▶ **PROMPT**
With pictures left out, output exactly the lines of the listing below from the line that has "Handcrafted 22k gold" to the line that has "Aufstellung der Orgel", both lines kept.

▶ **EXCERPTED RECORDS**
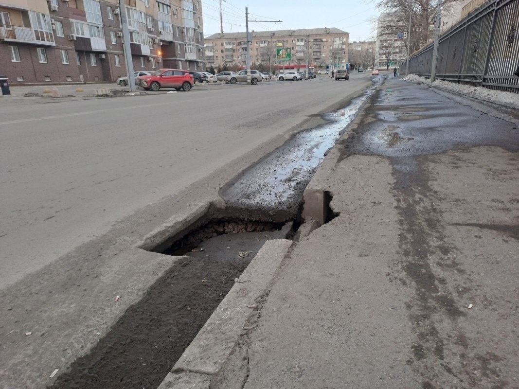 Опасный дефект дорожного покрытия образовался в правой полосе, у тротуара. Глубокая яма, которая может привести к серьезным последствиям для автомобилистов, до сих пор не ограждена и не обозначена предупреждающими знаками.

...

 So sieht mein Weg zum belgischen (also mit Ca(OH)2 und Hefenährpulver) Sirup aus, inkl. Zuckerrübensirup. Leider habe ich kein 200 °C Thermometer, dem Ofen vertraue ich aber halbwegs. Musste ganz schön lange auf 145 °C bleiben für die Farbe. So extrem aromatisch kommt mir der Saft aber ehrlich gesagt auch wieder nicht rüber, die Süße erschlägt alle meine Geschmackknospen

---

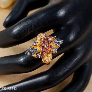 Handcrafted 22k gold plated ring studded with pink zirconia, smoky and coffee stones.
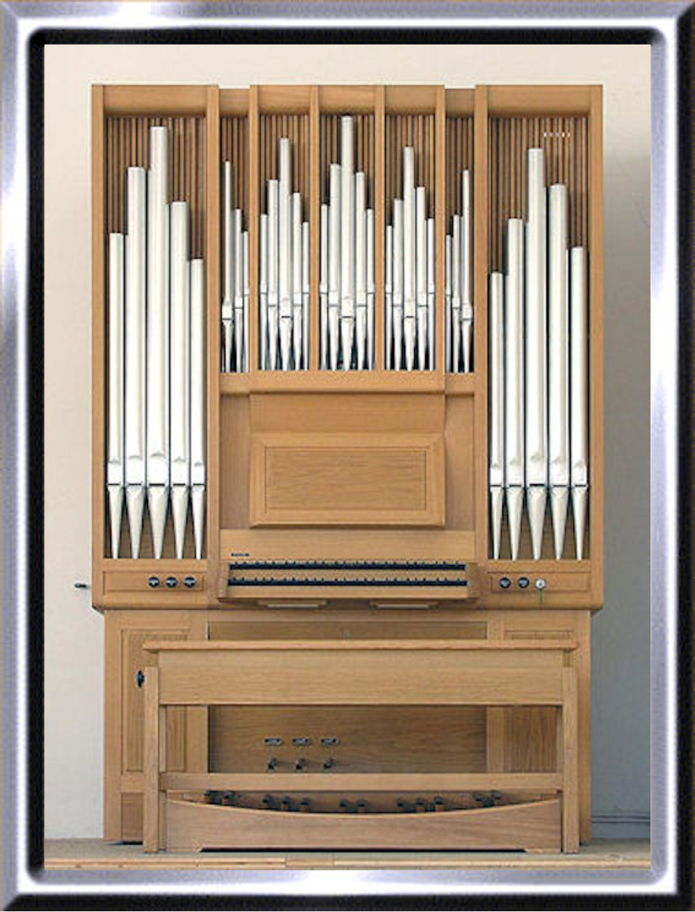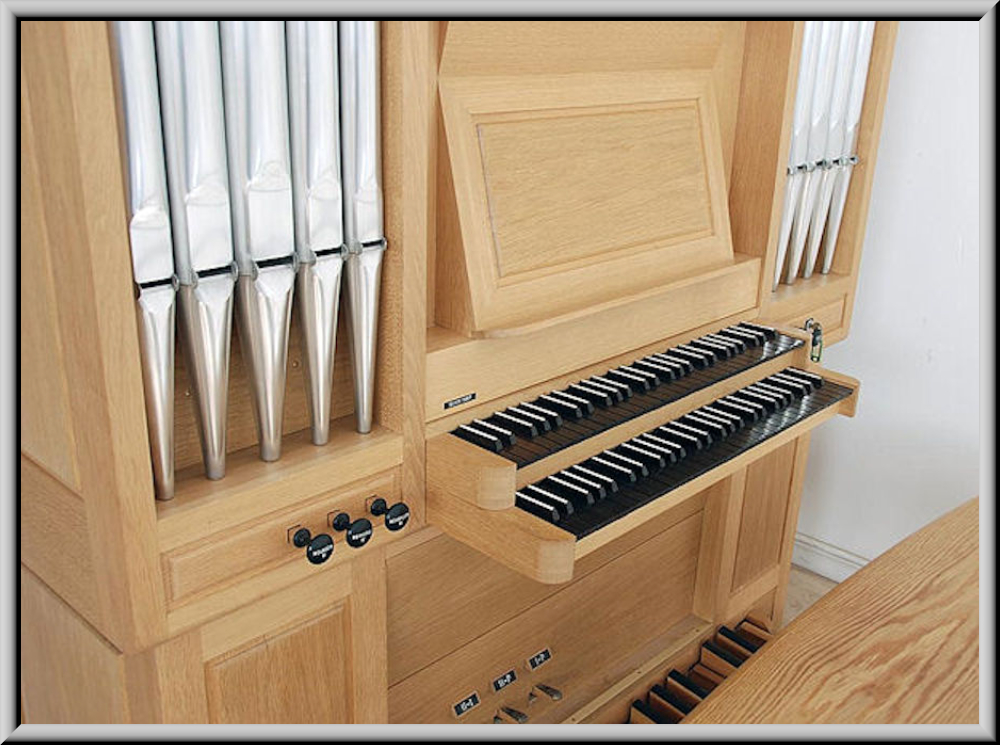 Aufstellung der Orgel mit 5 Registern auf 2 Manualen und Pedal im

▶ **WRITTEN REPLY**
 Handcrafted 22k gold plated ring studded with pink zirconia, smoky and coffee stones.
 Aufstellung der Orgel mit 5 Registern auf 2 Manualen und Pedal im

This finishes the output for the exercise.